# Ga power service to new home



## jcwduck (May 19, 2011)

POSTED THIS ON ANOTHER SECTION ACCIDENTLY. SORRY IF ITS A RE-RUN FOR YOU.

I AM BEGINNING CONSTRUCTION OF MY FIRST HOME. THE ELECTRIC SERVICE PROVIDER FOR MY AREA IS GA POWER. I WILL TRY TO KEEP THIS STORY AS SHORT AS POSSIBLE. 

IT WILL TAKE 1200' OF WIRE PLUS A FEW POLES TO GET SERVICE TO MY HOUSE. ALL WILL BE OVERHEAD, EXCEPT THE LAST  150' OR SO CONNECTING TO THE HOUSE WHICH WILL BE UNDERGROUND. 

IT IS GOING TO COST A LITTLE OVER $10K FOR THEM TO GET POWER TO MY HOUSE.   I CAN SAVE AROUND $1K IF ITS ALL OVERHEAD. 

THE ENGINEER IS REALY TRYING HELP CUT MY COSTS, BUT HIS HANDS ARE TIED. WHAT DO YALL THINK? ANY SUGGESTIONS?


----------



## Dog Hunter (May 19, 2011)

Thats the way it is now.


----------



## jcwduck (May 19, 2011)

Yeah dh. They said it changed in 2010. My luck


----------



## K80Shooter (May 19, 2011)

Does Hart EMC not cover your area? They might be cheaper.


----------



## Dead Eye Eddy (May 19, 2011)

That sucks, and I thought $1K was highway robbery to get my mobile home hooked up to the city power supply.


----------



## General Lee (May 19, 2011)

It's really a personal decision.Is not seeing power poles and lines in your yard  worth a $1,000 to you?


----------



## skiff23 (May 19, 2011)

For that much, I would compare what it would cost to install a solar system . At least then you would not have a power bill for the rest of your life. I know solar isnt cheap, but it would be worth looking into.


----------



## jcwduck (May 19, 2011)

K80- hart emc is not in my area. Ga power only.

General lee- the $1000 is not my issue. Its the other $9500 that is hard for me to grasp. 

A buddy of mine built about 5 years ago. Ga power ran 1600' overhead for free.


----------



## Dog Hunter (May 19, 2011)

Yes they changed.  It cost big bucks to run lines now.


----------



## jcwduck (May 19, 2011)

Skiff. That idea crossed my mind, need to look into it further. Thanks


----------



## General Lee (May 19, 2011)

jcwduck said:


> K80- hart emc is not in my area. Ga power only.
> 
> General lee- the $1000 is not my issue. Its the other $9500 that is hard for me to grasp.
> 
> A buddy of mine built about 5 years ago.
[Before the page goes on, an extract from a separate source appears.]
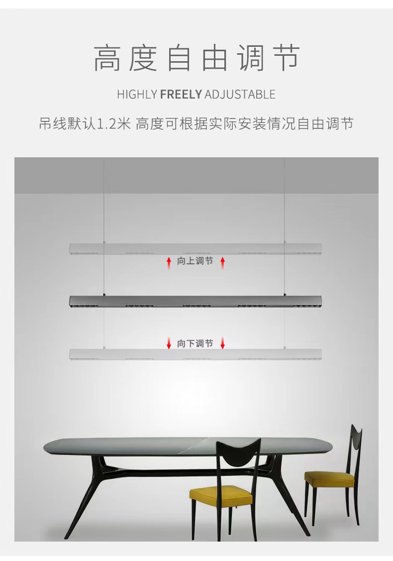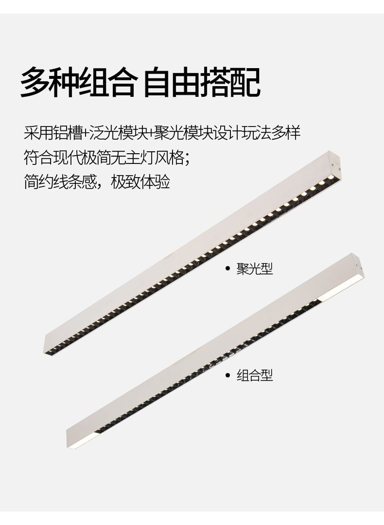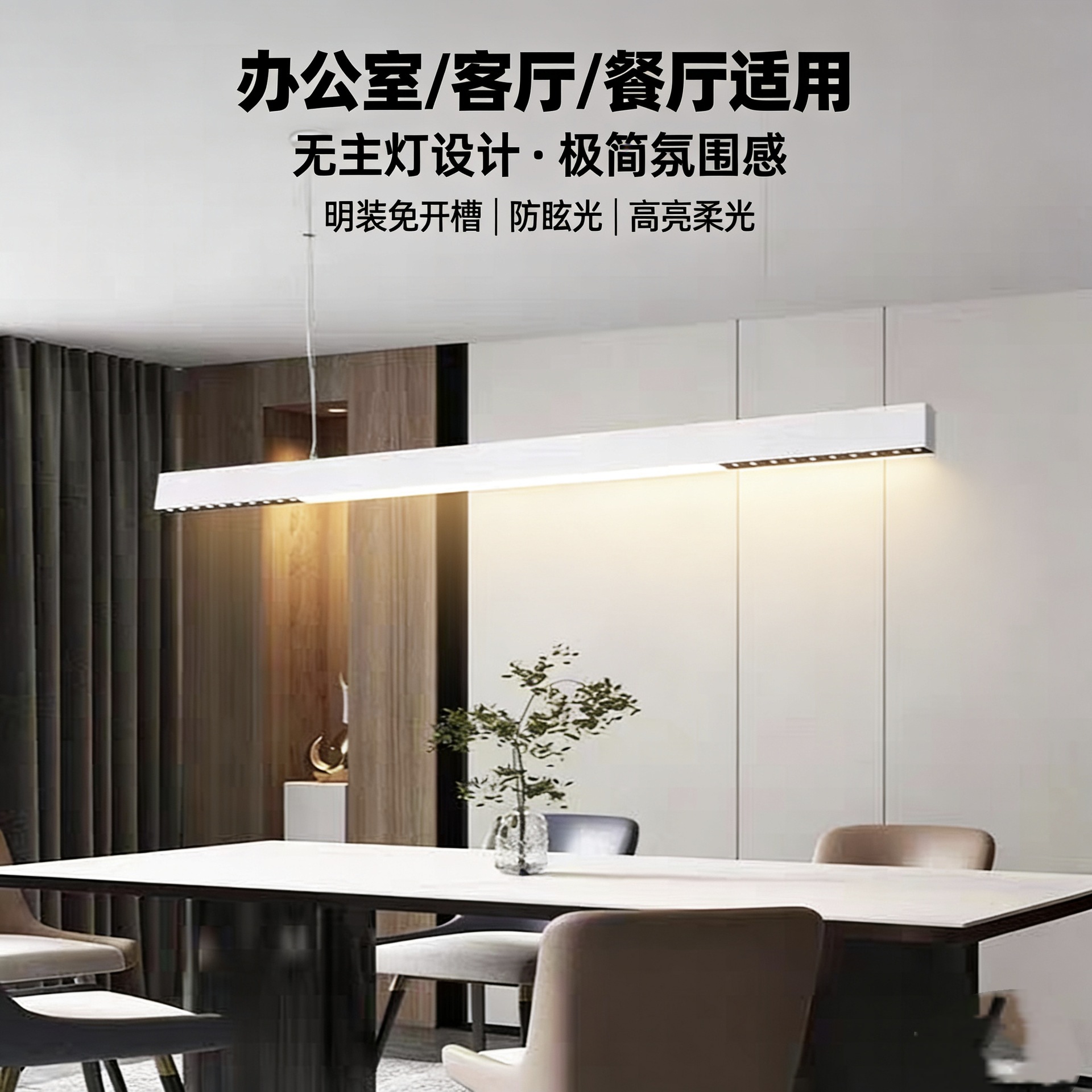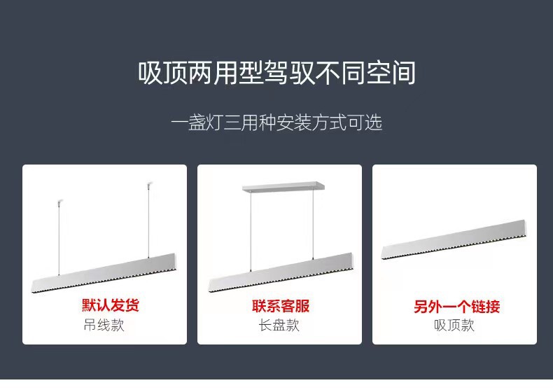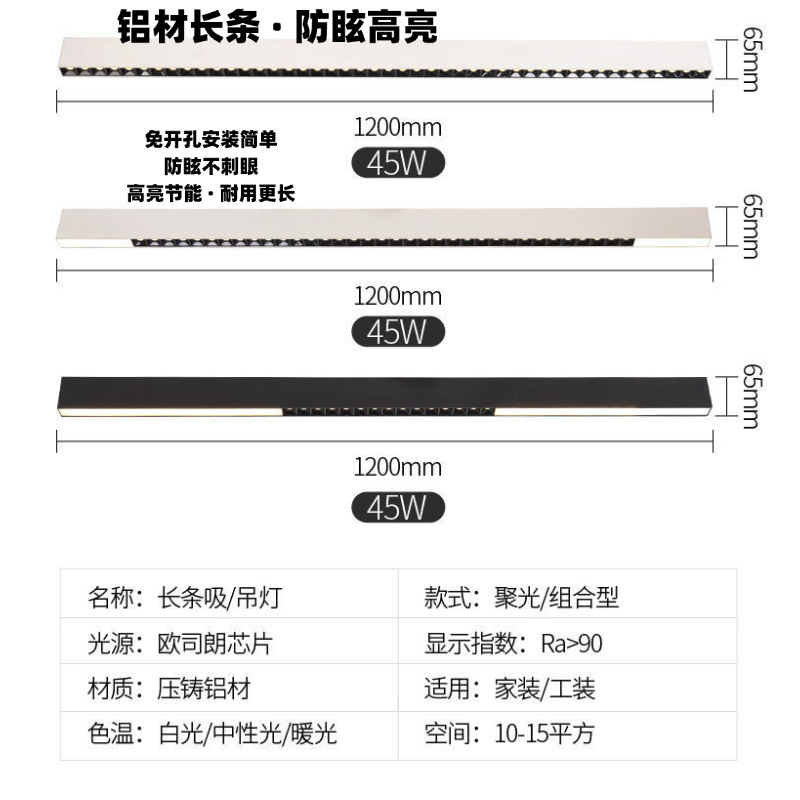 LED明装长条格栅灯 吸顶防眩客厅餐厅办公室无主灯一字型吊灯批发

Ga power ran 1600' overhead for free.


Oh,that would be an issue for me too.  I have heard of folks renting a trencher and laying the approved wire themselves but I'm not sure if that's an option with GP..........


----------



## win280 (May 19, 2011)

If you bought the underground feed wire and installed yourself,the meter/ disconnect would be at the road and they would probably require a transmission box close to you home.You would be responsible for everything past the meter/disconnect.
Probably cheaper to build the house closer to the street if possible.


----------



## zman (May 19, 2011)

tell them you will dig it in underground if they supply the wire.. they will work with you..


----------



## p&y finally (May 19, 2011)

zman said:


> tell them you will dig it in underground if they supply the wire.. they will work with you..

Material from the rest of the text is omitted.